Problem requirements ->
Could you retype the records below exactly as they appear, skipping any pictures?

Excerpts from a dataset
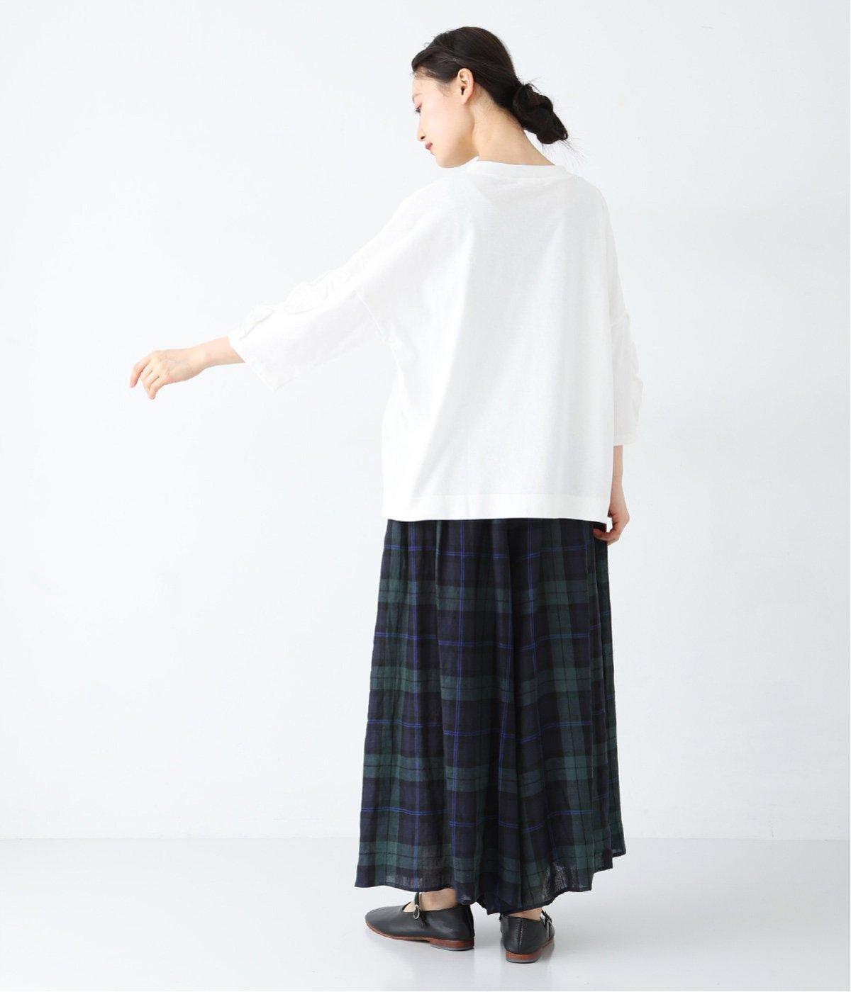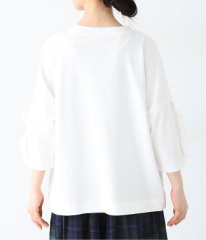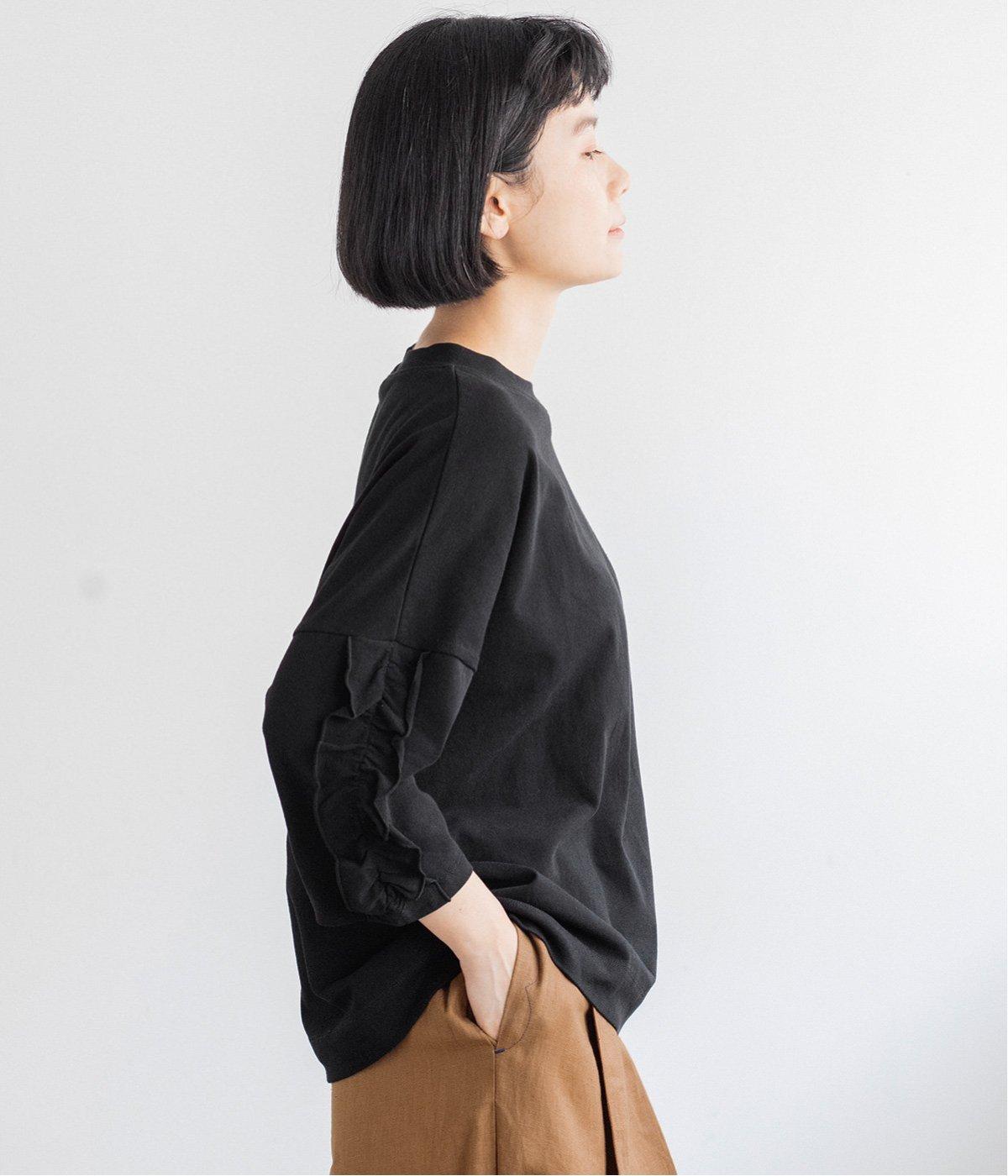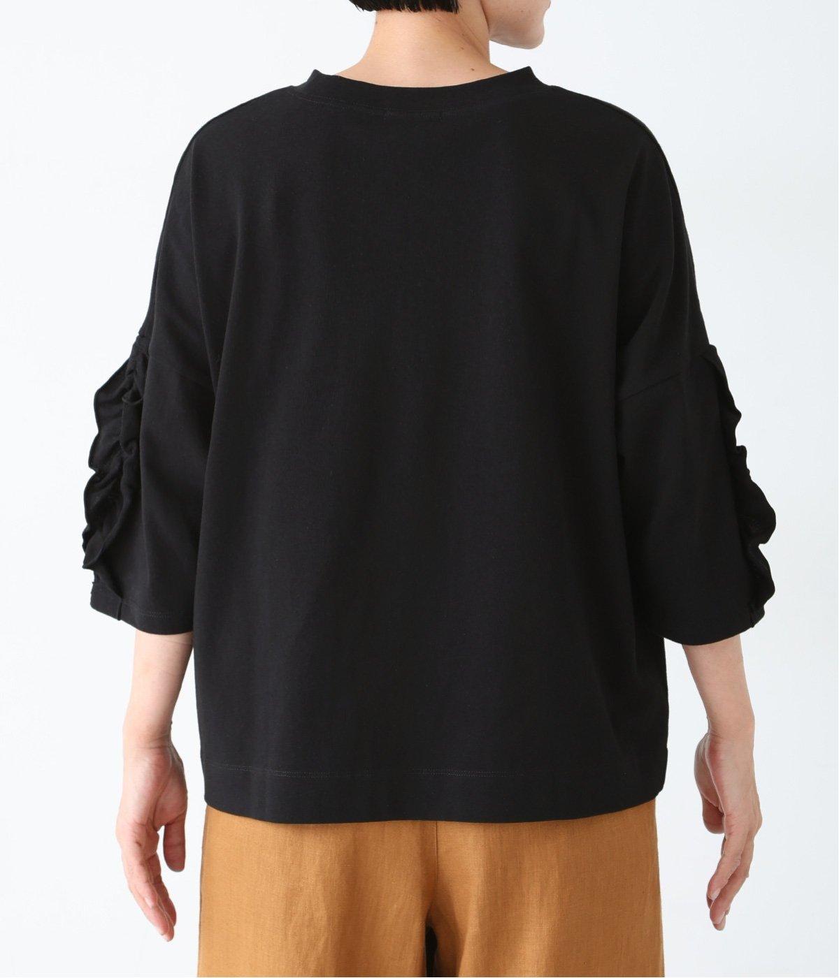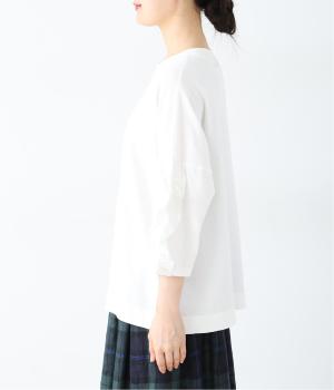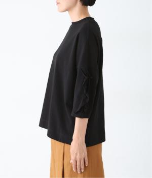 」より、袖にあしらわれたフリルが印象的なコットン6分袖Tシャツが登場。ゆったりとした着心地ながら、きちんと感も備えた上質な素材も魅力。どんなボトムスにも合わせやすい、デイリー使いにぴったりのアイテムです。
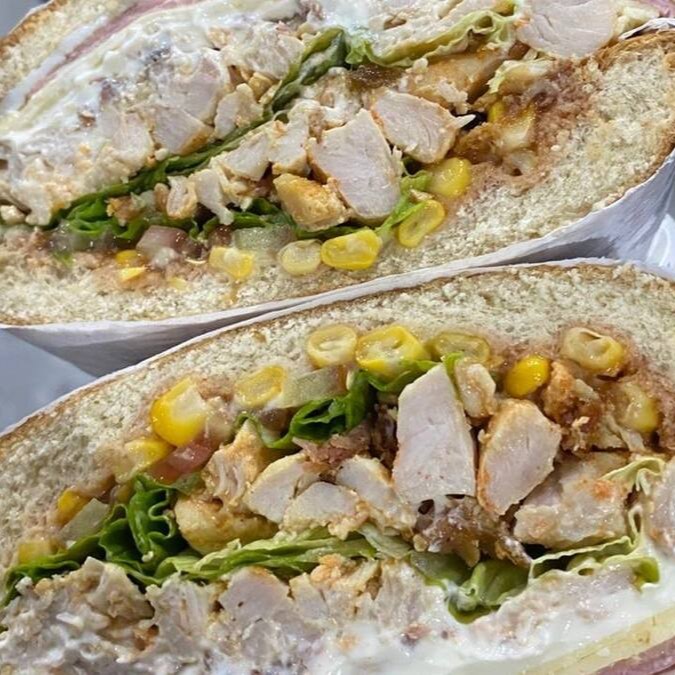 Frango, ovo, bacon, presunto, mussarela, milho, alface e tomate
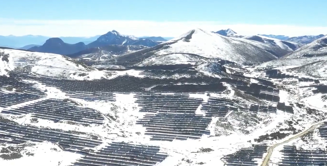 2月17日,在海拔4000多米的四川省涼山州木里縣爭西牧場,300多畝綿延的山巒身披“銀甲”,在皚皚白雪映襯下閃閃發光。這里是剛剛并網發電的四川省重點工程——卡基娃水電站水光互補光伏項目現場。
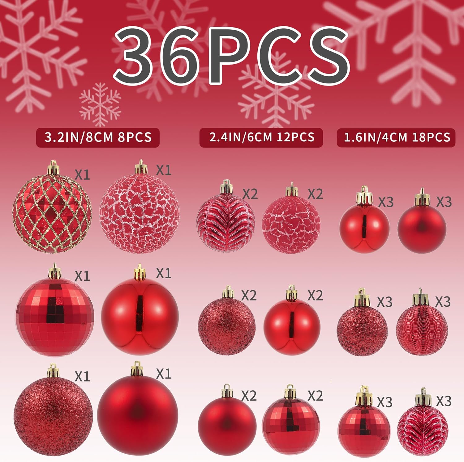 LANGXUN 36pcs Red Christmas Tree Decorations Balls, Bolas De Navidad, 2025 Christmas Decor, Indoor Outdoor Shatterproof Christmas Ornaments, Xmars Party Wedding Suppiles
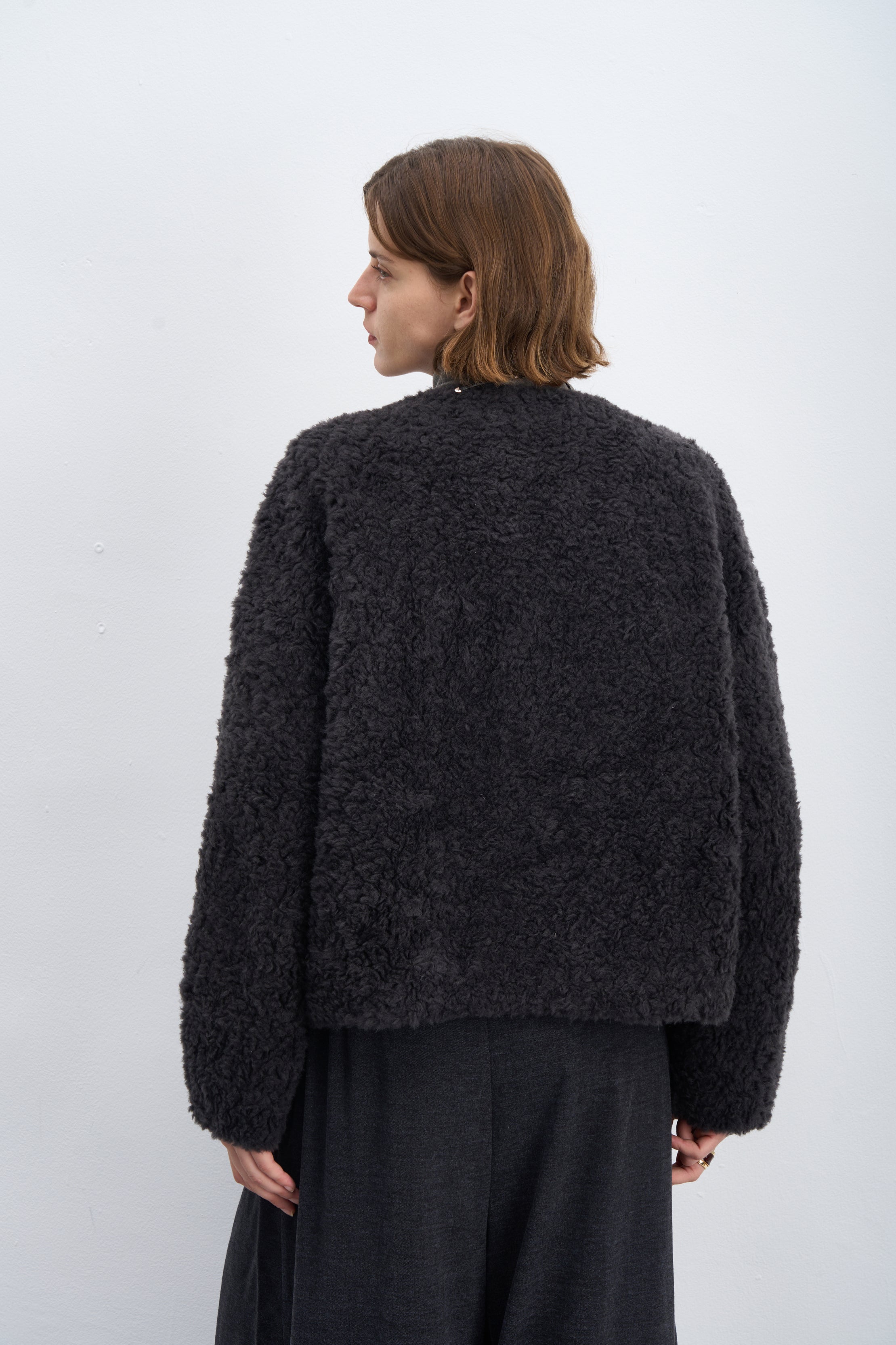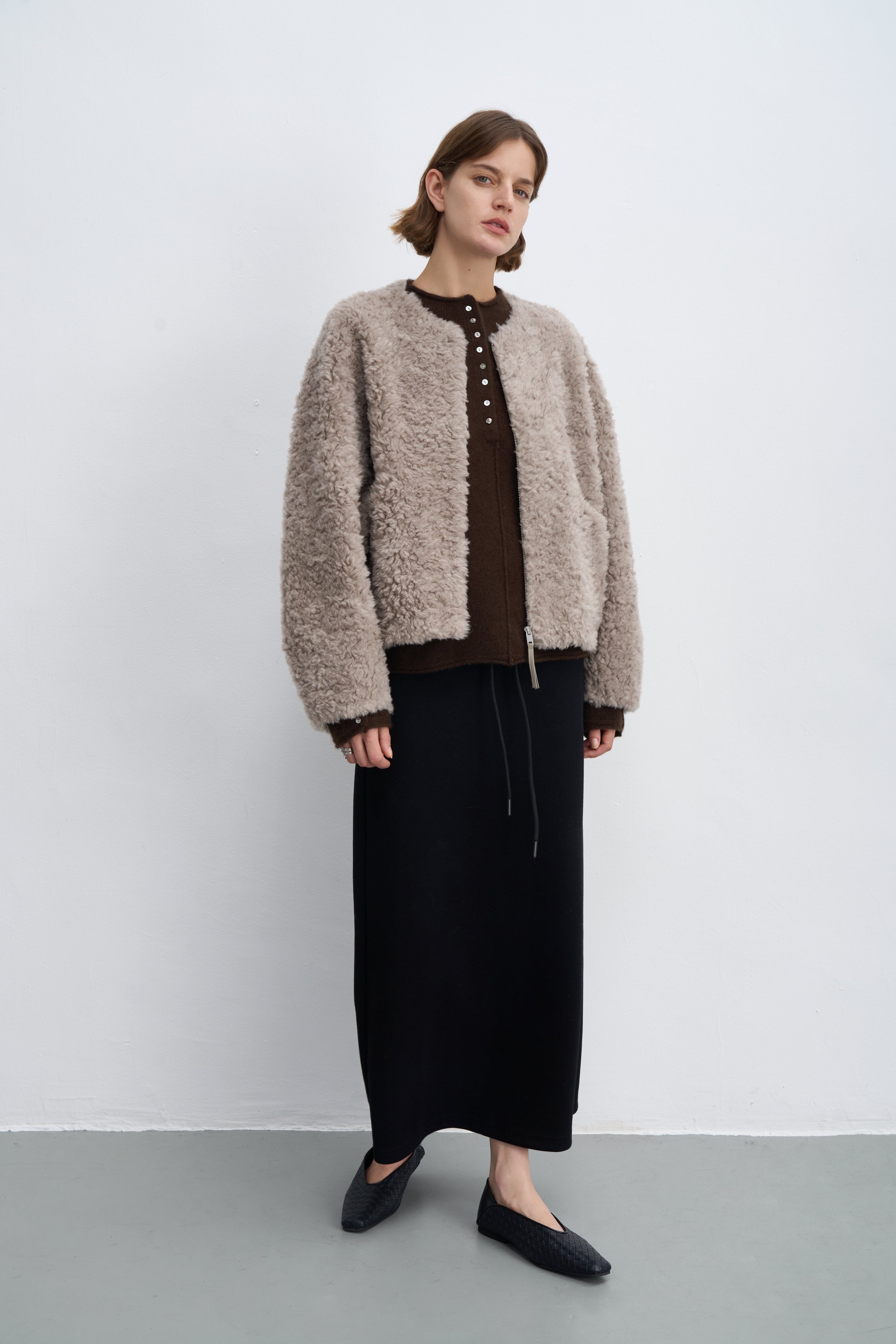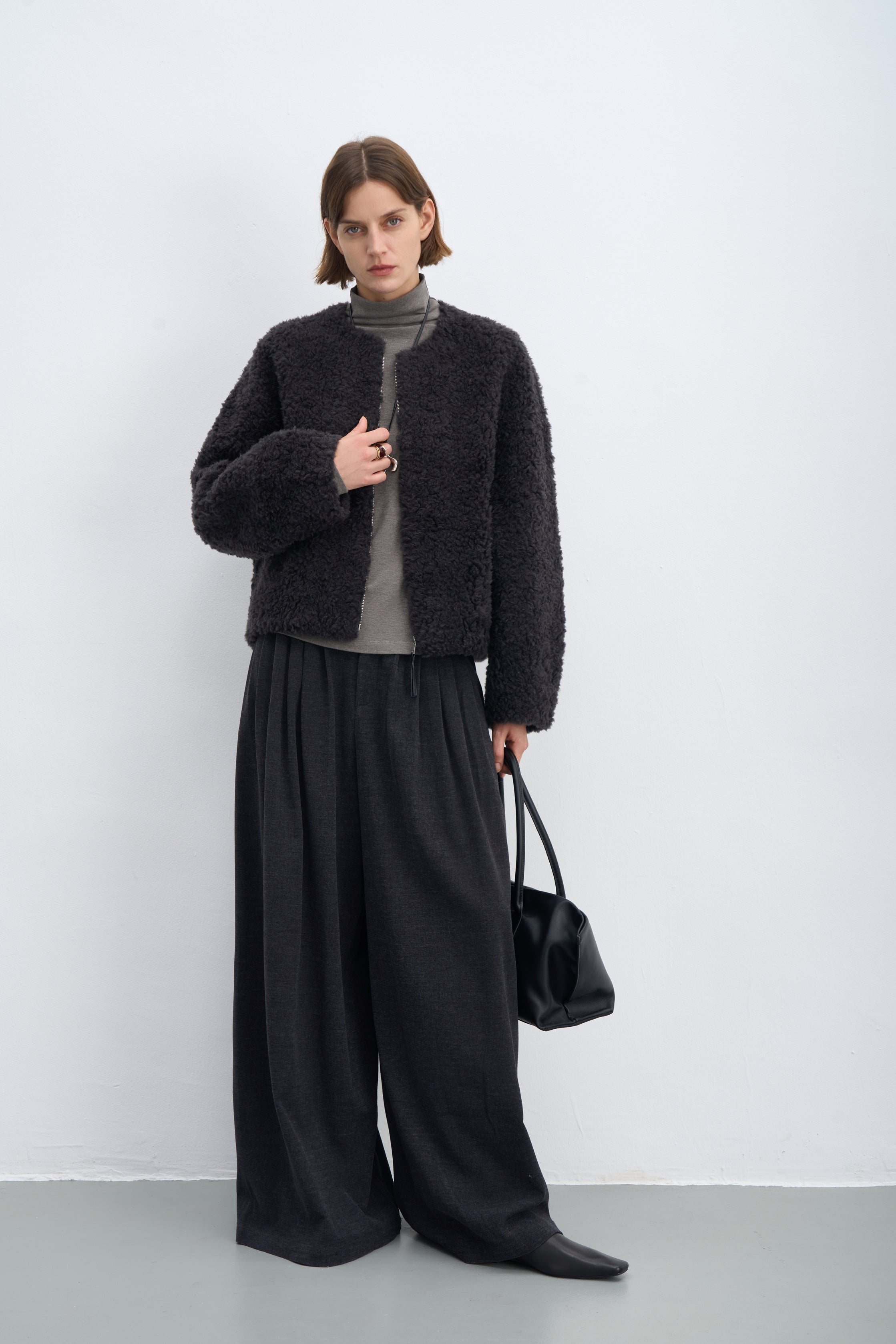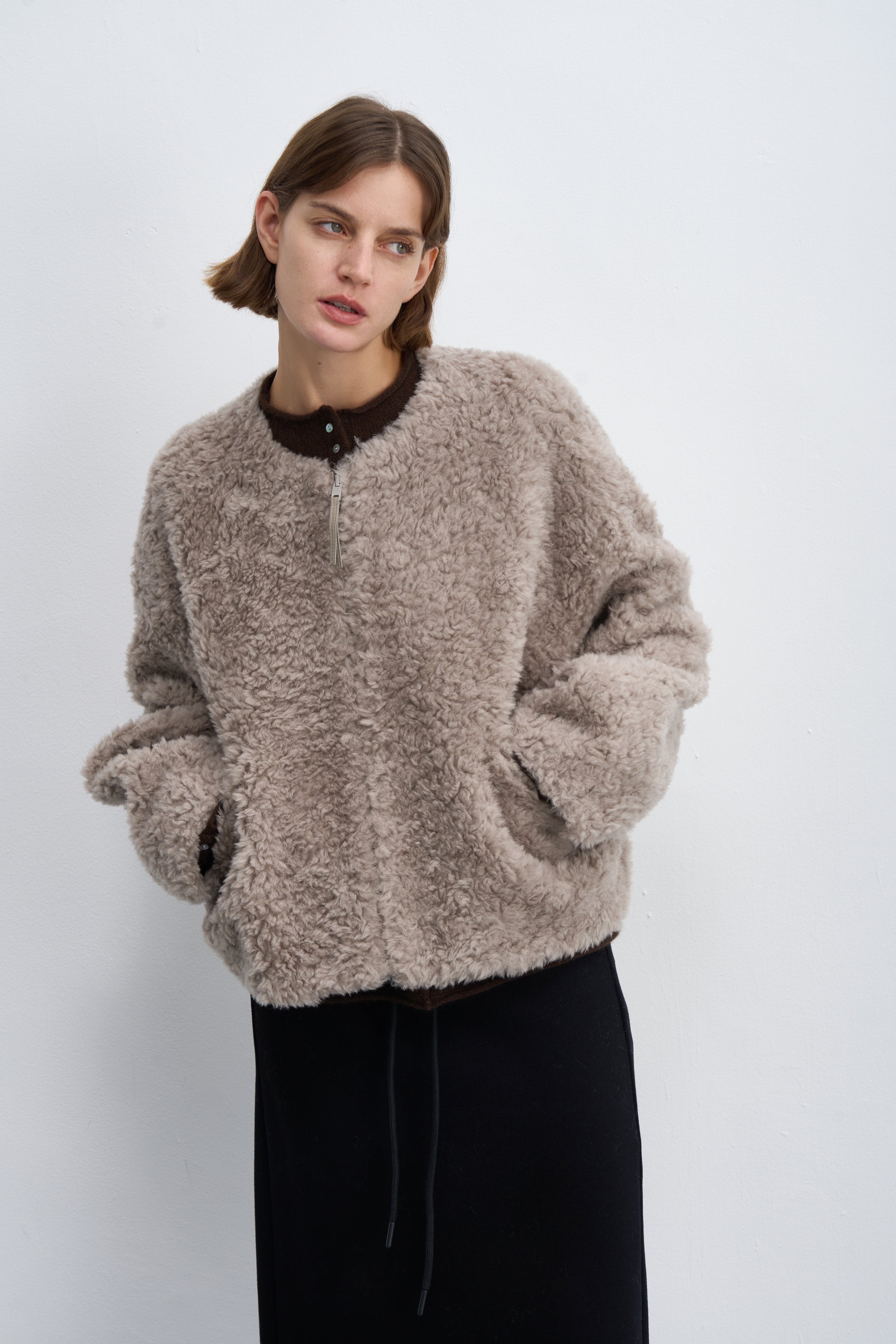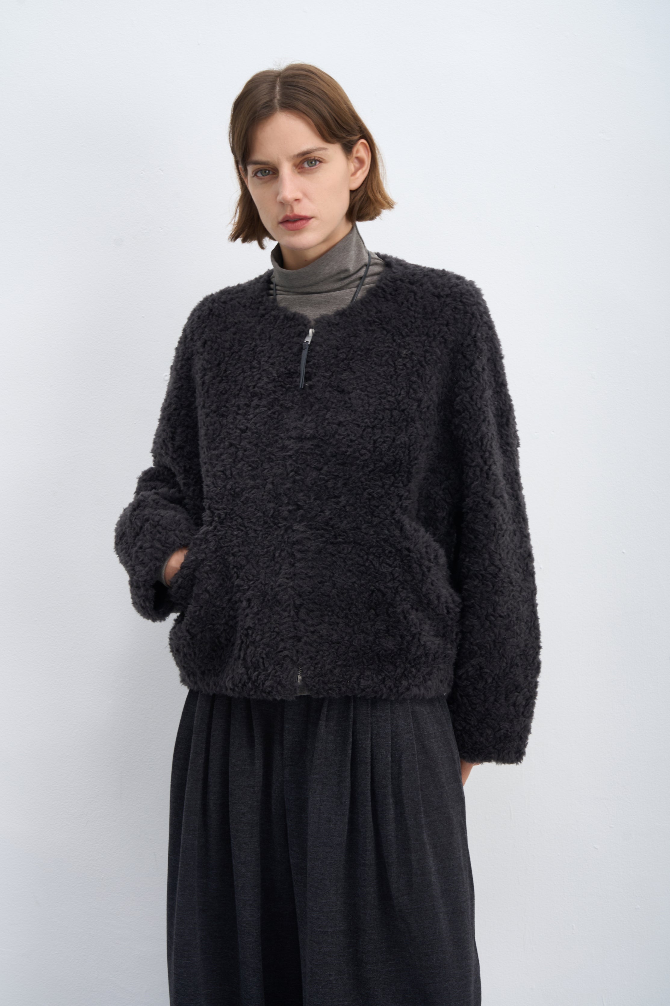 Fluffy Wool Zip-Up Crew Neck Coat

Solution to this problem ->
 」より、袖にあしらわれたフリルが印象的なコットン6分袖Tシャツが登場。ゆったりとした着心地ながら、きちんと感も備えた上質な素材も魅力。どんなボトムスにも合わせやすい、デイリー使いにぴったりのアイテムです。
 Frango, ovo, bacon, presunto, mussarela, milho, alface e tomate
 2月17日,在海拔4000多米的四川省涼山州木里縣爭西牧場,300多畝綿延的山巒身披“銀甲”,在皚皚白雪映襯下閃閃發光。這里是剛剛并網發電的四川省重點工程——卡基娃水電站水光互補光伏項目現場。
 LANGXUN 36pcs Red Christmas Tree Decorations Balls, Bolas De Navidad, 2025 Christmas Decor, Indoor Outdoor Shatterproof Christmas Ornaments, Xmars Party Wedding Suppiles
 Fluffy Wool Zip-Up Crew Neck Coat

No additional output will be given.